» **Task directions**
Nothing but the lines from the one with "民乐与现代声乐表演亮点纷呈、" through the end of the data should be set down, each exactly as written, and no picture should be included.

» **Material provided**
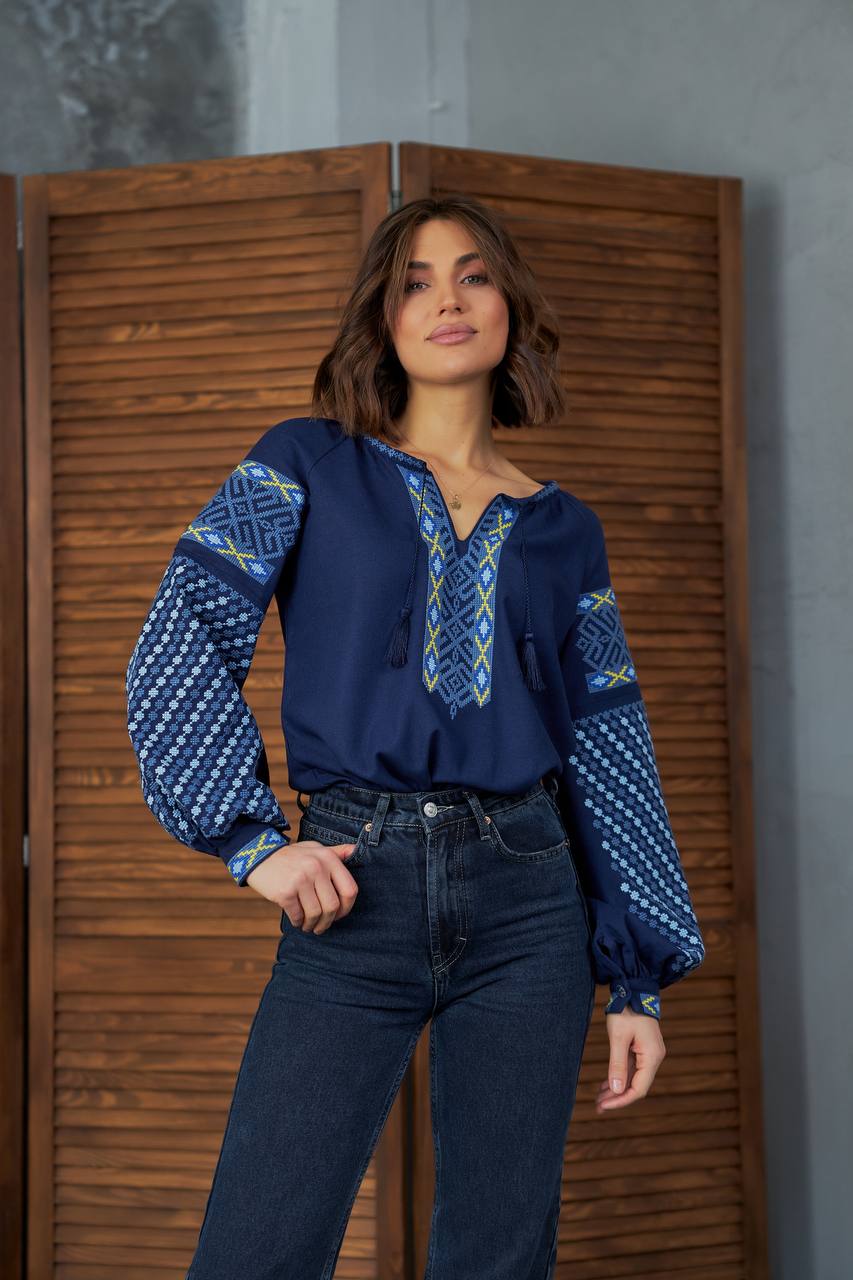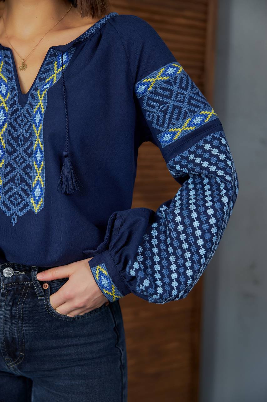 Жіноча вишиванка Колоритна (синя) виконана на льоні.
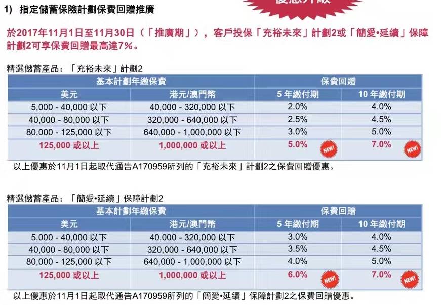 于2017年10月10日至11月30日(「推广期」),客户成功投保「充裕未来」储蓄计划,可享受保费回赠优惠:
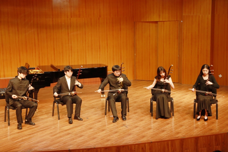 民乐与现代声乐表演亮点纷呈、相得益彰。二胡独奏《兰亭序》温婉雅致,将古典意境与书法韵味融入旋律;胡琴齐奏《战马奔腾》激昂豪迈,尽显民乐的磅礴气势;笛子独奏《扬鞭催马运粮忙》灵动欢快,生动再现丰收景象;各类声乐作品风格各异,既有古典诗意,也有现代活力,全面展现了新时代青年学子的青春风貌与艺术追求。
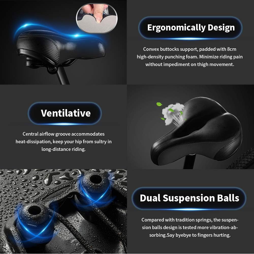Superior Material – Bluewind oversized bike seat use high elastic memory sponge that fits perfectly to the hip, durable and more comfortable. It reduces pain caused by bumps, prevents prostate and sciatica problems and brings a relaxing and pleasant riding experience.

» **Solution**
 民乐与现代声乐表演亮点纷呈、相得益彰。二胡独奏《兰亭序》温婉雅致,将古典意境与书法韵味融入旋律;胡琴齐奏《战马奔腾》激昂豪迈,尽显民乐的磅礴气势;笛子独奏《扬鞭催马运粮忙》灵动欢快,生动再现丰收景象;各类声乐作品风格各异,既有古典诗意,也有现代活力,全面展现了新时代青年学子的青春风貌与艺术追求。
Superior Material – Bluewind oversized bike seat use high elastic memory sponge that fits perfectly to the hip, durable and more comfortable. It reduces pain caused by bumps, prevents prostate and sciatica problems and brings a relaxing and pleasant riding experience.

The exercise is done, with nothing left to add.